Ch: 50 Island in the Sun
Sometimes, there is an event, a party, or a function that simply flies past. The commonly held perception of time falls apart, leaving disjointed memories in their wake.
Gary had some experience with the phenomenon, primarily in the ‘getting hit in the head so hard, nothing makes sense any more’ arena.
Having the goddess Joy, looming over your home like a blazing sun of exuberant funtimes and eternal spring, felt amazing. It also made concentrating on anything very difficult, especially things that were not fun.
“Ducky, your sister is awesome, I love the energy. Can she tone it down? I’m having trouble keeping my hands off Shai when we’re awake, here it’s ridiculous.” that sensation of being trapped inside on a fine day was making Gary’s legs twitch abominably.
“Your body is under some stress at the moment. Have you considered coupling with your mate? I hear that works.” Ducky said, while Thirp clattered her fangs in the background. Spider humor was still a mystery.
“To be honest, we are using you just a little, I had hoped you would not feel any ill effects in the waking world.” The tiny god looked down and dug the toe of his silver sandal into the dirt of Gary’s garden path.
“Quit the playacting. What are you up to?” Shai and the kids were romping on the lawn, basking in Joy’s radiance without a care. That meant Gary could get some interrogation done.
“Since you… revived me, I have been slowly reaching out into the mortal world in ways we usually cannot. Your half mortal, half outsider existence is a problem… and an opportunity.” Ducky smiled and bounced on his toes, humming a happy melody.
“Particularly where we are discussing those who have soaked in your pool. Your gift, or affliction, weakens the protective aura of those who interact with you or bathe in your water.” He scratched his head and mumbled. “No, that’s not right…”
“Rather, you infect them with a hint of you, with fragments of your soul.” His smile faded. “That sounds terrible, and it could be, were you to… fall in with a bad crowd.” Marduk faltered again. “Thirp, please.”
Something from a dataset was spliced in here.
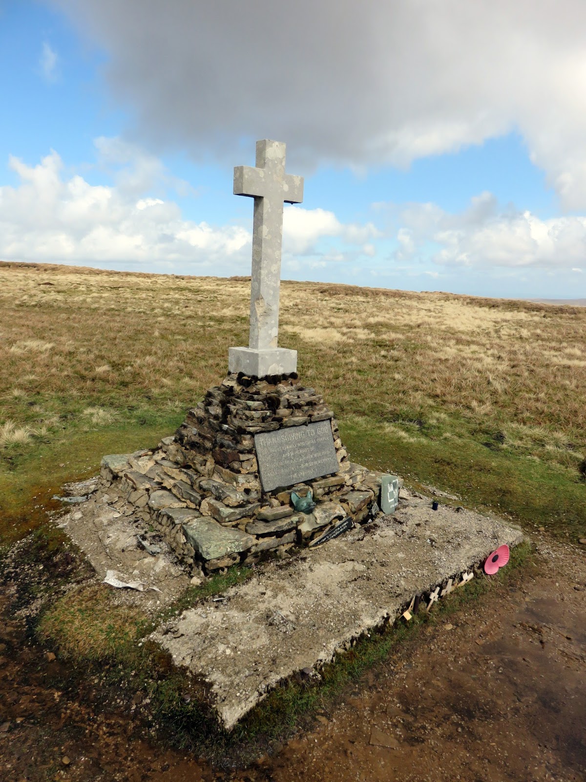 Leaving the summit, travelling south this time, the stone capped path follows the wind-swept ridge for just under a mile before reaching another junction of drystone walls. On the other side stands a modest memorial, the final remnants of a remarkable story.

“Certainly lord Marduk.” She scrambled over in exultant hops, running up the wall briefly for fun. “Your goddess of Joy is very distracting.”
“The issue and the opportunity are both complex. First, those who soak in your bath, carry away some tiny piece of you, this is not abnormal.” Her harp was in particularly fine form tonight, ringing out with splendid tones of joy.
“Soul fragments cross the aura barrier and take root in the souls of lovers, friends, siblings and parents regularly.”
“That is where you are unusual, you may have noticed a slight alteration in lord marduk since his first bath. He too has been infected… shall we say instead, influenced by you.” Her notes took an uncertain shift into a higher key.
“By the same mechanism you also accept and are influenced by those with whom you bathe…” Thirp paused, as if uncertain how to continue.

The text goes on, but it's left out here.